[Task description]:
Take the entries that follow and return exactly the lines from the one holding "Morning at the" through the one holding "透過玻璃看主臥,最混搭的角落", both included. Nothing else is needed.

[Data extracts]:
......
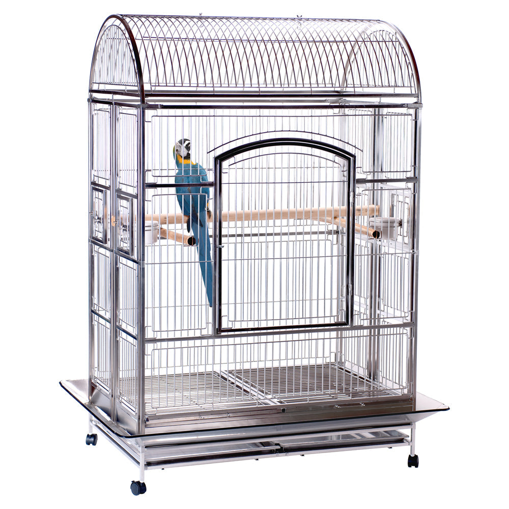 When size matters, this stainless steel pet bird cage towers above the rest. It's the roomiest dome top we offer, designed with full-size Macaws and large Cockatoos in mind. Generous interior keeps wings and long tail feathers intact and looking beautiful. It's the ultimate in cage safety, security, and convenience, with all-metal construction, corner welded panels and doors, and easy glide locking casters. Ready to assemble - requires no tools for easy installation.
......
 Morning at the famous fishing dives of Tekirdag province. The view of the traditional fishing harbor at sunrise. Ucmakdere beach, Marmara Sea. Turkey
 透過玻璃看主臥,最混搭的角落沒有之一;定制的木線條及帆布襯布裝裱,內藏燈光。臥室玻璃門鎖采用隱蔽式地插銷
......
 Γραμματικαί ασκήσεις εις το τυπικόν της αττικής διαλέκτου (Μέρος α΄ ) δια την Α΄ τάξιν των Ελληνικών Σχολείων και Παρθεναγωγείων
......
[Completed task]:
 Morning at the famous fishing dives of Tekirdag province. The view of the traditional fishing harbor at sunrise. Ucmakdere beach, Marmara Sea. Turkey
 透過玻璃看主臥,最混搭的角落沒有之一;定制的木線條及帆布襯布裝裱,內藏燈光。臥室玻璃門鎖采用隱蔽式地插銷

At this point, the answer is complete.